The “Cocaine Prison” director delivers a galvanizing chronicle of 2016 protests by the Bolivian disabled community to attain a proper pension.

“When we’re vulnerable, this is where we get our strength,” Marcelo Vasquez tells the ragtag group of disabled activists that have joined him on a march from Cochabamba to the capital city of La Paz in Bolivia in “La Lucha.” His wife Felizia Ali, also wheelchair-bound, admits that opposites attract when it comes to their relationship when her husband is more likely to negotiate and make concessions than she would be, but nonetheless, it looks like neither will be doing so any time soon as they collect more and more followers en route to a sit-in to take place at Plaza Murillo where the national government convenes with the aim of securing a monthly pension of 500 Bolivian Boliviano or approximately $70 per month to help with expenses in a country that has done little to accommodate the handicapped.

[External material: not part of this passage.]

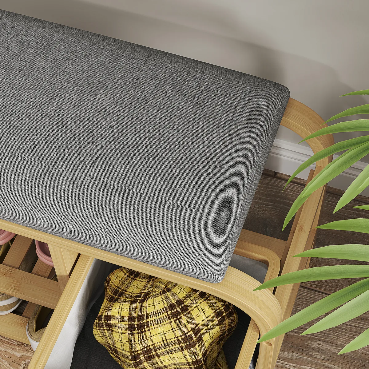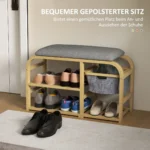 Suteikite savo prieškambariui naują išvaizdą naudodami bambukinę HOMCOM batų lentyną, kurioje dizainas ir praktiškumas. Minkšta, liną primenanti pagalvėlė Jūsų laukia, kol tvarkingai laikote iki penkių porų batų. Smulkesni daiktai po ranka? Ištraukiamas medžiaginis krepšelis puikiai tinka ir sklandžiai susilieja su elegantišku lakuoto bambuko rėmo dizainu.

If the protest itself was designed for people to take notice, there couldn’t be anyone more ideal to capture it than director Violeta Ayala, who previously made the gasp-inducing “Cocaine Prison” that illustrated a penitentiary system where the inmates paid for the type of cell they’d have and all find themselves relying in one way or another on the drug trade even after they’ve been incarcerated for being a part of it. The filmmaker doesn’t waste time in “La Lucha” grabbing your attention, opening with a scene of a man on crutches stopping traffic on a busy thoroughfare in the city, with cars and trucks slowing to his pace and it’s indicative of what’s to come as she joins Vasquez, Ali and Rose Mery Guarita, another leader in the Bolivian disabled community as they set off on a 35-day trek across mountains and freeways, accumulating more and more supporters as they go.

The march is treacherous as those with health issues already are threatened with pneumonia and malnutrition, but it turns out to pale in comparison with what’s awaiting them in La Paz where the eight gates around Plaza Murillo are fenced off for the first time in recent memory and the activists set up camp outside. Ayala’s films always feel raw and scrappy, but she has a sixth sense for capturing the unreal, not giving any ground when police and protestors begin to push one another outside the palace and observing the memorable sight of Guarita suspended in mid-air in her wheelchair from a bridge, speaking to supporters down below. All politics may be local, but there is no doubt from the bold subtitles used at the start of “La Lucha” — big and bright – that it is designed for an international audience, and the struggle being portrayed is one that’s neither limited to Bolivia or the time it takes place in – 2016, only being all too modern in the government’s tactics to quell the protests by launching an expensive communications campaign suggesting they’ve done more than enough for the disabled community, paying a PR firm to improve their image rather than engaging with the activists.

While Ayala could be accused of serving the same purpose for the activists when she is hardly impartial, there is only one side to be on when seeing the activists blasted with fire hoses and given little regard as they start a hunger strike. But there is little need for the filmmaker to add much at all to the raw footage as “La Lucha” is able to illuminate the confidence gained by those who have lived without feeling as if they have an equal say even when the stated goals of their protests appear to be in doubt of being resolved and simply being around to hear them speak is powerful enough.

“La Lucha” is available to stream on Blackstar Film Festival‘s virtual platform through August 6th.